This indeed looks like a bug. I will take some time to look into it.
Mich Talebzadeh <[email protected]> 于2024年4月3日周三 01:55写道:
>
> hm. you are getting below
>
> AnalysisException: Append output mode not supported when there are
> streaming aggregations on streaming DataFrames/DataSets without watermark;
>
> The problem seems to be that you are using the append output mode when
> writing the streaming query results to Kafka. This mode is designed for
> scenarios where you want to append new data to an existing dataset at the
> sink (in this case, the "sink" topic in Kafka). However, your query
> involves a streaming aggregation: group by provinceId, window('createTime',
> '1 hour', '30 minutes'). The problem is that Spark Structured Streaming
> requires a watermark to ensure exactly-once processing when using
> aggregations with append mode. Your code already defines a watermark on the
> "createTime" column with a delay of 10 seconds (withWatermark("createTime",
> "10 seconds")). However, the error message indicates it is missing on the
> start column.

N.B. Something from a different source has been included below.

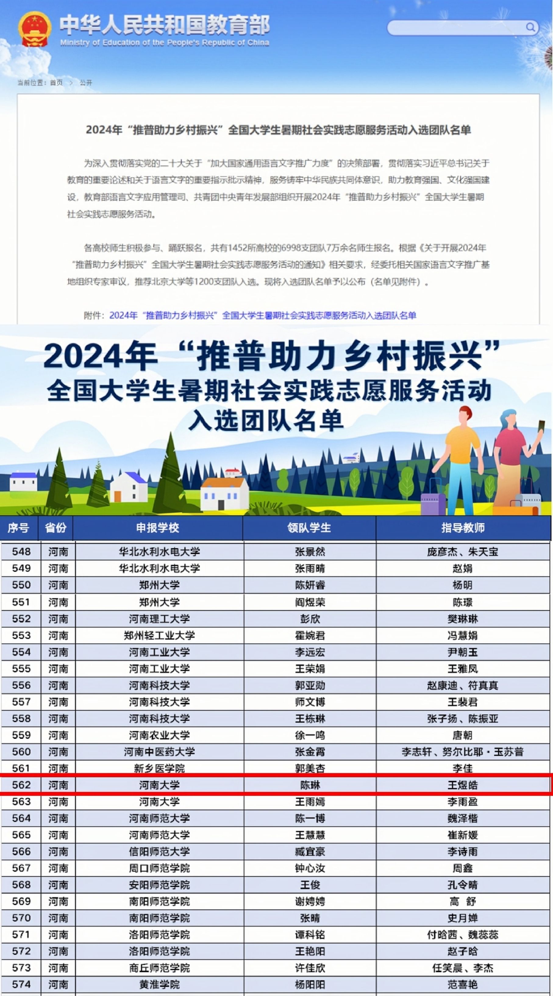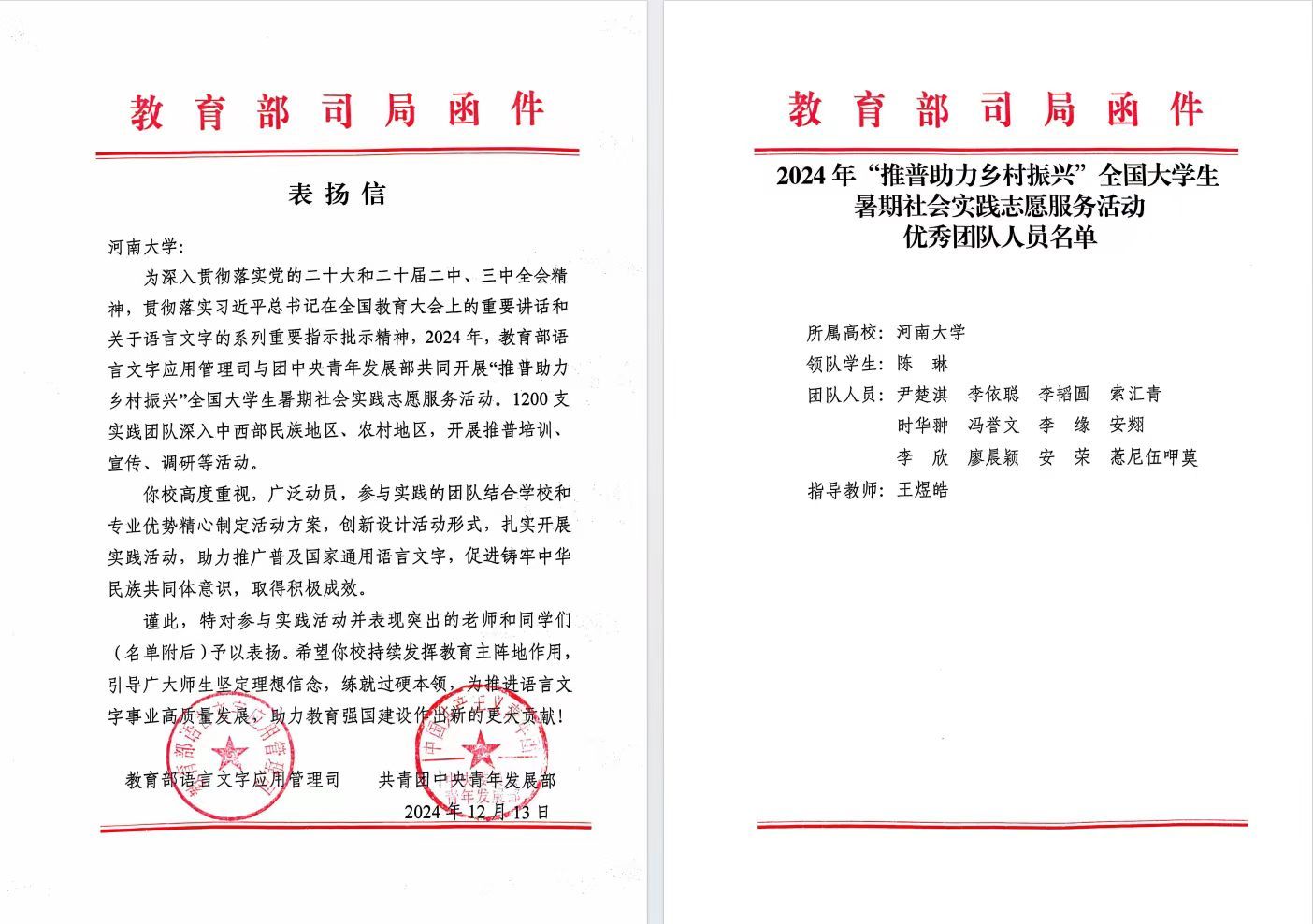“汉彝同心”实践团队在2024年“推普助力乡村振兴”全国大学生暑期社会实践志愿服务中的优秀表现通报表扬,本次专项活动吸引了全国1452所高校的6998支团队7万余名师生报名,主办方从中遴选了1200支团队立项,最终约有240支团队获得教育部和团中央联合发信表扬。

Try adding watermark to "start" Column: Modify your code as
> below to include a watermark on the "start" column generated by the
> window function:
>
> from pyspark.sql.functions import col, from_json, explode, window, sum,
> watermark
>
> streaming_df = session.readStream \
> .format("kafka") \
> .option("kafka.bootstrap.servers", "localhost:9092") \
> .option("subscribe", "payment_msg") \
> .option("startingOffsets", "earliest") \
> .load() \
> .select(from_json(col("value").cast("string"),
> schema).alias("parsed_value")) \
> .select("parsed_value.*") \
> .withWatermark("createTime", "10 seconds") # Existing watermark on
> createTime
>
> *# Modified section with watermark on 'start' column*
> streaming_df = streaming_df.groupBy(
> col("provinceId"),
> window(col("createTime"), "1 hour", "30 minutes")
> ).agg(
> sum(col("payAmount")).alias("totalPayAmount")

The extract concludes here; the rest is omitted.